Looking after your health and wellbeing this winter

The cold and flu season is in full swing this Australian winter, and with Covid-19 cases surging once again, it’s the “perfect storm” of circulating winter illnesses. Many of us are lacking immunity due to the last two years of lockdowns and not being exposed to the flu. It’s important that we take extra precaution to prevent ourselves, loved ones and those vulnerable in our community from getting sick and look after our wellbeing this winter.

Getting sick has unpleasant physical symptoms but it can also take a toll on our mental health. The common cold and flu can mimic and cause depressive symptoms which negatively affect our mood, making us feel down and isolated.

How can we manage our mood if illness has made us feel down/low/flat?

When feeling sick, it can feel like our world is upside down. The flu can have a profound impact on our mood and energy levels. So, here are some mood boosting strategies to feel better when illness is taking an emotional toll.

  • Activities to boost positive emotions: When we’re caught up with a temperature, runny nose, or headache, it’s likely we’re spending majority of the day either in bed or on the couch, and that’s okay. Put a funny movie on, listen to music, or read a book. It’s the perfect opportunity to indulge in these mood boosting activities and get a hit of dopamine.
  • Rest & relaxation: When we’re sick, our bodies are under huge stress and demand. It’s important that we learn to accept that resting is okay, and it can actually improve our mood and encourage us to slow down. By taking a step back, we can let our body repair itself, which can strengthen our immune system so we can get better sooner and back to feeling like our happier self.
  • Reach out for professional support: If the flu is having a negative impact on our mental health, reach out for professional support to a GP, EAP, or Lifeline.

Top wellbeing strategies to help support our body’s natural defence system this winter

This cold and flu season, there are also many preventive measures that we can take to support our health and wellbeing.

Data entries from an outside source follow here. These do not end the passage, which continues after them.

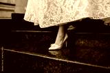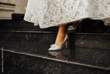 Bride in white dress and elegant shoes on marble stairs. Legs of the bride in white shoes.
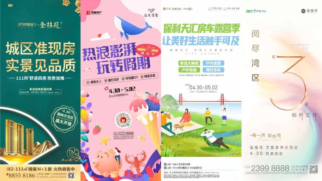 如:古镇保利和光尘樾五一假期开盘,带来古镇豪宅标杆;美林假日·金林苑盛大开放示范区,趁势加推1栋03单元,建面约111㎡四房单位;
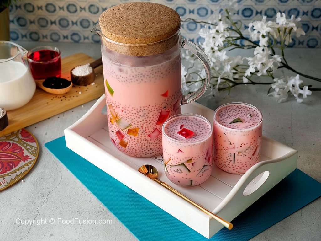 Jug mein ice cubes,colored jelly cubes,cooked sabudana,soaked tukhme balanga & tayyar doodh dal ker ache tarhan mix ker lein & serve karein!
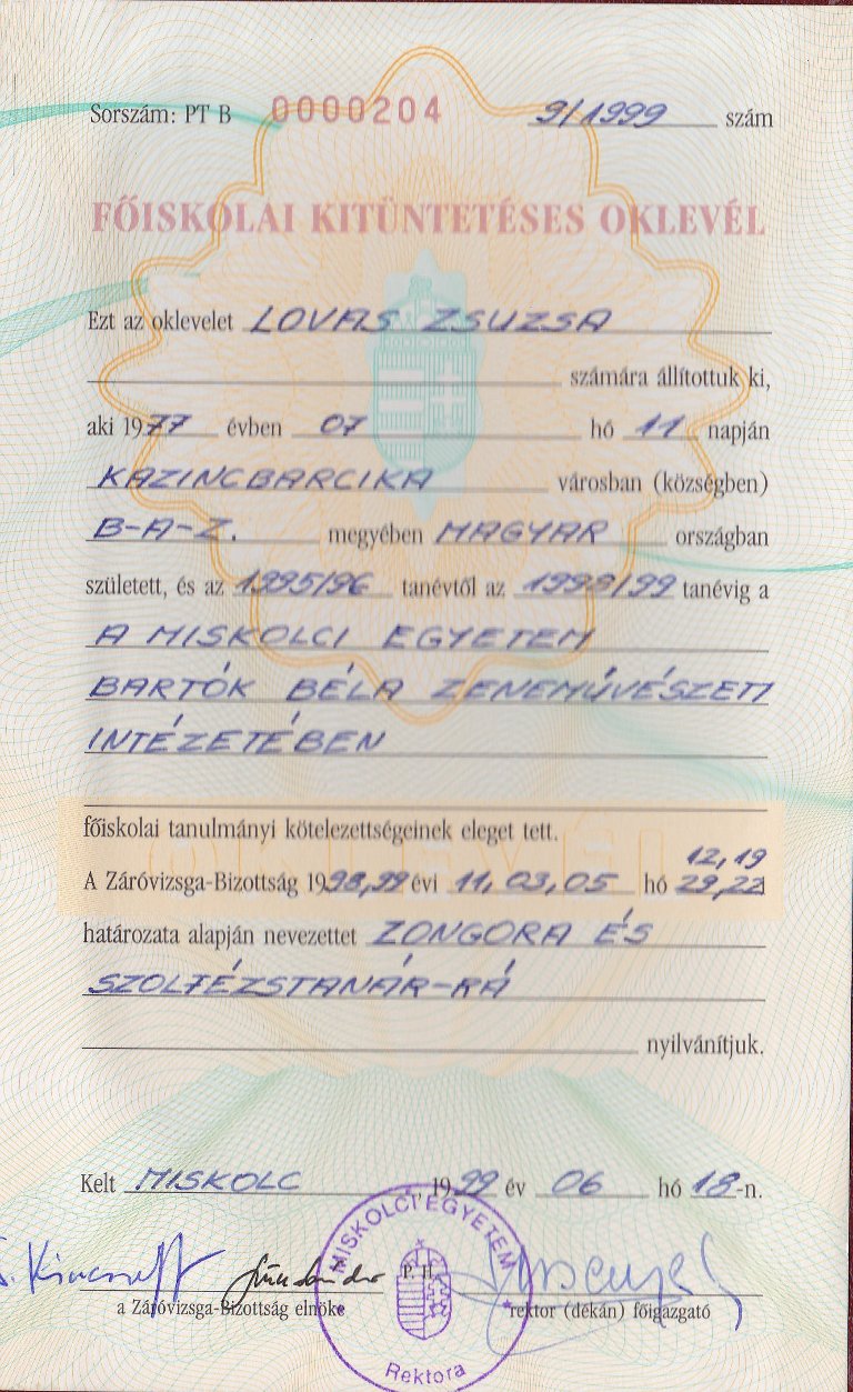 | 1995 - 1999 | Universität Miskolc - Béla Bartók Musikkünstlerisches Institute, Miskolc (Ungarn), Diplom als Lehrerin für Klavier und Musiktheorie |
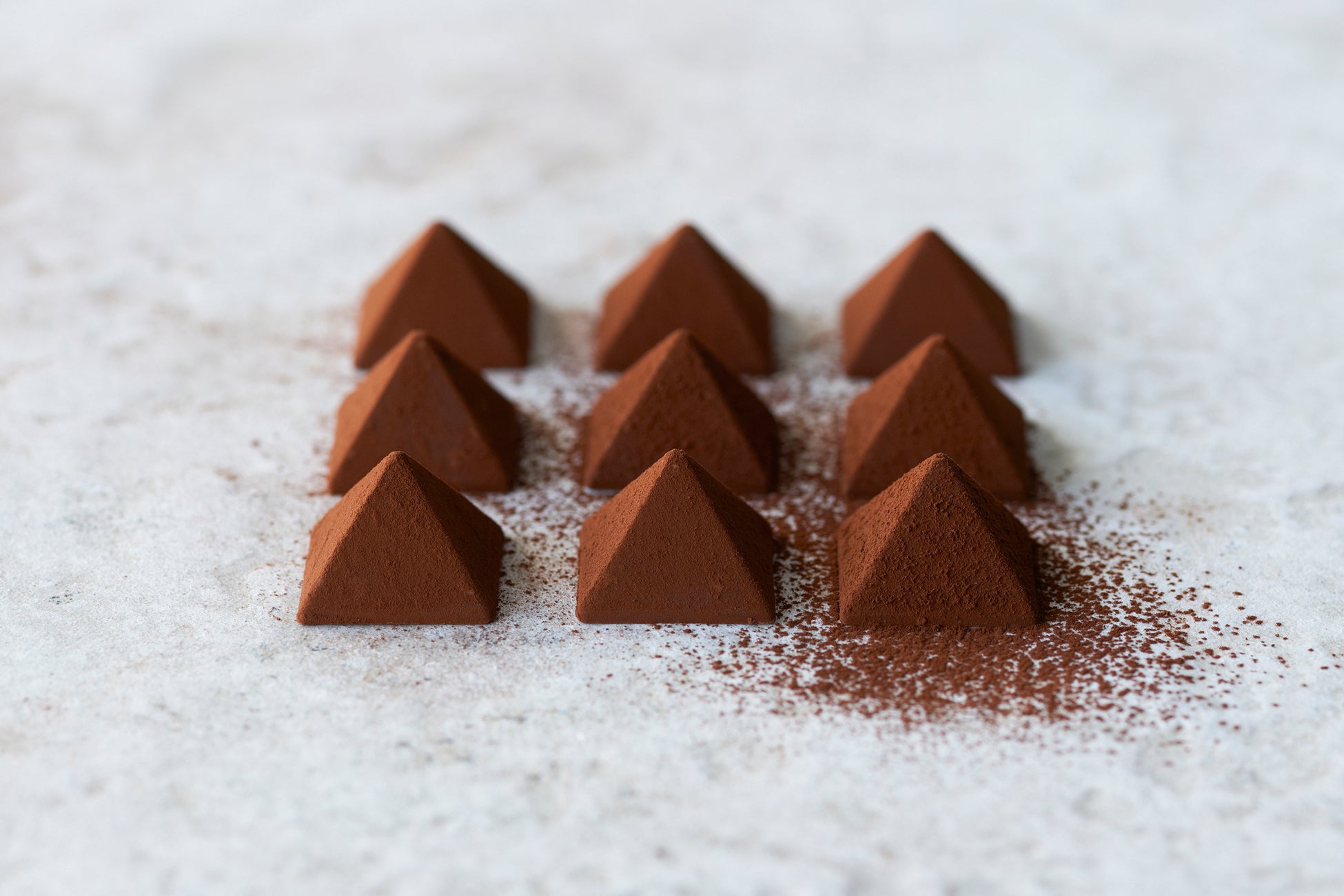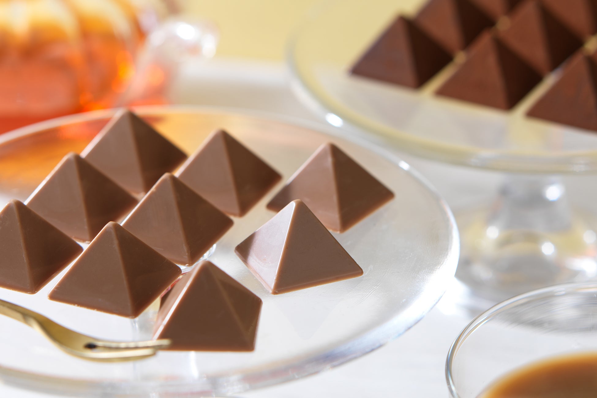 魔法みたいにすっとなめらかに消えていく口どけ。その秘密は、「21.9度」に設定した融点と、美しいピラミッドの形にあります。なめらかな口どけとともに、花咲くようなダージリンティーの香りもご堪能ください。
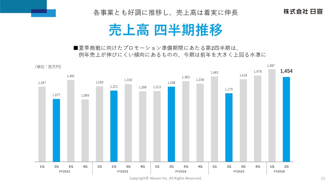 四半期ごとの売上高の推移です。3月決算の顧客からの年度末需要がある第1四半期に対し、第2四半期は例年売上が伸びにくい傾向にあります。しかし、今期は前年を大きく上回り、2億7,900万円の増加となりました。

  • Sleep: Research suggests that people who don’t get good quality sleep or not enough sleep are more likely to get sick after being exposed to a virus. Sleep provides healthy functioning and essential support to the immune system. It’s optimal to get 7-8 hours of sleep each night. Getting sufficient sleep also influences our mood and energy levels allowing us to feel happy, energised, and ready to conquer the day.
  • Healthy ways to manage stress:  When we are stressed, it triggers our flight or fright response. Repeated activation of the stress response can impair our immune system and interfere with our body’s ability to fight off infection.  Identifying our sources of stress and learning healthily ways to manage it can help support our body’s natural defence system this cold and flu season. Relaxation techniques such as deep breathing, mediation, and mindfulness have been proven to dial down on the body’s response to stress and can boost our mood and positive emotions.
  • Get moving: Physical activity contributes to boosting our mental and physical health and can help support the immune system. For immune boosting benefits, it’s recommended that individuals exercise at moderate intensity for 30 minutes to an hour each day to strengthen immune and metabolic systems [1]. Physical activity also reduces inflammation, decreases stress, and stimulates cellular immunity which can help our bodies to prepare and defend against viruses.
  • Nutritious food: Eating a healthy nutritious diet has a direct influence on our immune function. Our bodies require a variety of vitamins and minerals which can be found in fruit, vegetables, and antioxidants which support the growth of immune cells. Eating nutritious foods can also be associated with better mental health outcomes. Our gut guides our emotions and has influence on our mood and energy levels.

As we are in the midst of Australia winter, implementing these top wellbeing strategies can help to support both our mental and physical health and keep ourselves safe. If the flu is negatively impacting your mental health, reach out to a professional for support such as your GP or Lifeline.


[1] Nieman, D. and Wentz, L., 2019. The compelling link between physical activity and the body’s defense system. Journal of Sport and Health Science, 8(3), pp.201-217.